Yeni anayasa ve başkanlık sistemi modelinin ayrıntılarına ilişkin bir soru üzerine Kurtulmuş, geçtiğimiz cumartesi günü anayasayla ilgili çok uzun bir toplantı yaptıklarını, ana çerçevenin belli olduğunu ancak kesinleşmeden kamuoyuyla paylaşmayı siyaseten doğru bulmadıklarını bildirdi.

Anayasa meselesinin bir "fantazi" olmadığının altını çizen Kurtulmuş, Türkiye'nin demokratikleşmesi, devlet-millet bütünleşmesinin sağlanması, bütün eksik ve gediklerin giderilmesi için yeni bir anayasanın, bir ekmek, su gibi zaruri olduğunu belirtti.

Parlamentodaki partilerin hemen hemen hepsinin, yeni anayasa meselesinde millete söz verdiğini hatırlatan Kurtulmuş, sözlerini şöyle sürdürdü:

"Biz burada da samimiyetimizi ortaya koyduk. Anayasa Uzlaşma Komisyonunda 3 kişiyle temsil ediliyor olmayı kabul ettik. Kendi tabanımızdan da çok büyük tepkiler gelmesine rağmen... 'Bizim bu kadar oyumuz, 317 milletvekilimiz var, niye biz 40 milletvekili olan bir partiyle aynı sayıda adam veriyoruz' diye eleştiriler de almadık değil. Ama sonuçta olsun, bu bizim iyi niyetimizin, uzlaşı aramakta olduğumuzun göstergesiydi. Ama ilanihaye bekleyemeyiz. Usulen anayasa değişsin diye değil, gerçekten anayasanın felsefesini, ruhunu, anayasanın öngördüğü antidemokratik sistemi değiştirecek bir anayasayı yaparız, yapıyoruz. Bu anayasayı milletimizle paylaşıp, parlamentoya sunarız. Anayasada biliyorsunuz partilerin grup kararı olmuyor. Anayasa için 367'yi bulabileceğimizi, bulamazsak 330'u bulabileceğimizi ümit ediyorum."

- "Diğer partilerden de oy geleceğini tahmin ediyoruz"

Bunun Türkiye'nin geleceğiyle ilgili bir adım olduğunu vurgulayan Kurtulmuş, diğer partilerden de demokratik, katılımcı, sivil bir anayasaya rahatlıkla oy geleceğini tahmin ettiklerini söyledi.

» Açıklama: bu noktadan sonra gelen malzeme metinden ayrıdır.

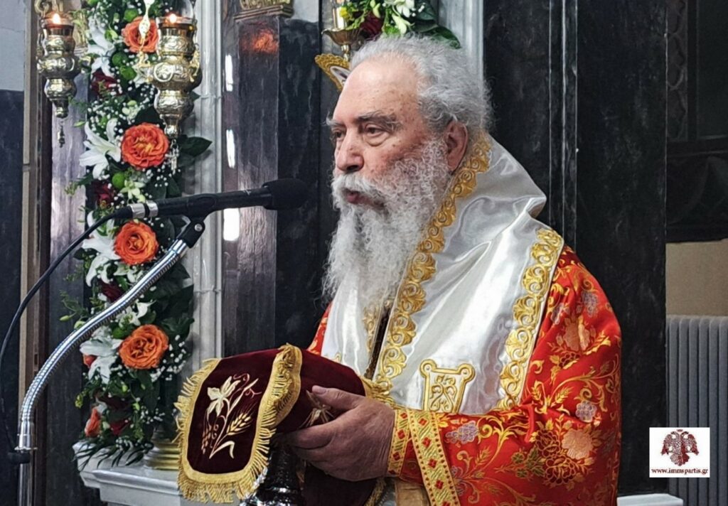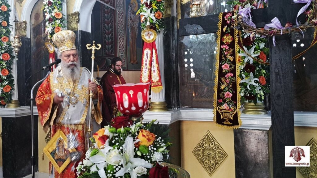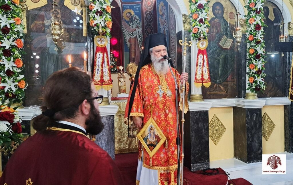 Στον μελίρρυτο λόγο του, ο σεπτός Ποιμενάρχης μίλησε αρχικά για την αποστολική περικοπή της ημέρας, που αναφερόταν στην απολογία του αποστόλου Παύλου προς τον Βασιλιά Αγρίππα, όπου ο Παύλος διηγείται το όραμα που είχε και το οποίο τον οδήγησε να ακολουθήσει με ζήλο και θυσιαστικό πνεύμα τον Χριστιανισμό, συμβάλλοντας αποφασιστικά στη διάδοσή του. Στη συνέχεια, ο Σεβασμιώτατος μίλησε για το όραμα του Αγίου Κωνσταντίνου με το περίφημο ‘’Εν Τούτω Νίκα’’, που οδήγησε στην καθιέρωση του Τιμίου και Ζωοποιού Σταυρού και την εδραίωση του Χριστιανισμού με σειρά σημαντικών αποφάσεων. Παράλληλα, επισήμανε την ειλικρινή μετάνοια και την βάπτιση του Αγίου Κωνσταντίνου προς το τέλος της ζωής του, που τον οδήγησαν στην Αγιότητα. Ακολούθως, έγινε αναφορά στην μορφή της Αγίας Ελένης και ιδίως στην πίστη και την αποφασιστικότητά της να εντοπίσει τον Σταυρό του μαρτυρίου του Κυρίου μας. Ολοκληρώνοντας, ευχήθηκε οι δύο Άγιοι να προστατεύουν και να καθοδηγούν τους ευλαβείς χριστιανούς της περιοχής.

Mühim olanın hem parlamentoda hem toplumun genelinde hem sivil toplumda, üniversitelerde, araştırma merkezlerinde bu yeni anayasa talebinin dalga dalga yayılması olduğunun altını çizen Kurtulmuş, "Hep şunu söylüyoruz, 'Gelin eteklerinizdeki taşları dökün, kimin sepetinde ne pamuk varsa ortaya koysun. Kim, hangi yapısal değişikliği öngörüyorsa burada gündeme getirsin.' CHP de, MHP de, HDP de itiraz ediyor. Gelin neye, ne şekilde itiraz ediyorsanız, kendinizce doğrusunu koyun. Beraber oturalım, tartışalım. Belli bir yerde uzlaşalım. Hepimizin ortak bir anayasası olsun." şeklinde konuştu.

Kurtulmuş, şu ifadeleri kullandı:

"Yok 'Biz, size anayasa yaptırmayız' diyorsanız. Ya da birilerinin düşündüğü gibi 'Anayasa yapmak sivillerin işi değildir, anayasa yapmak için paletlerin ya da askerin silahlarının şakırtılarını duymamız lazım' diyorsanız, o devir geride kaldı. Köprünün altından çok sular aktı. Artık Türkiye, anayasalarını sivil iradeyle yapabilecek demokratik olgunluğa ulaştı. Bazı partilerde, insanlarda, 'anayasa' deyince aklına asker, 60 darbesi, 80 darbesi, muhtıralar geliyor. Generaller emredecek, 3 kişi bir salona girecek, orada bir anayasa yazacaklar diye geliyor. Artık anayasa yazma devri geride kalmıştır, anayasa yapma dönemindeyiz. Anayasa yapmak, milletin isteklerini, taleplerini milletin temsilcileri vasıtasıyla bir metin haline dönüştürülmesidir. Yoksa bir metnin, millete zorla empoze edilmesi değildir. Türkiye'nin bu noktaya geldiğine inanıyoruz ve inşallah sonuç alacağız."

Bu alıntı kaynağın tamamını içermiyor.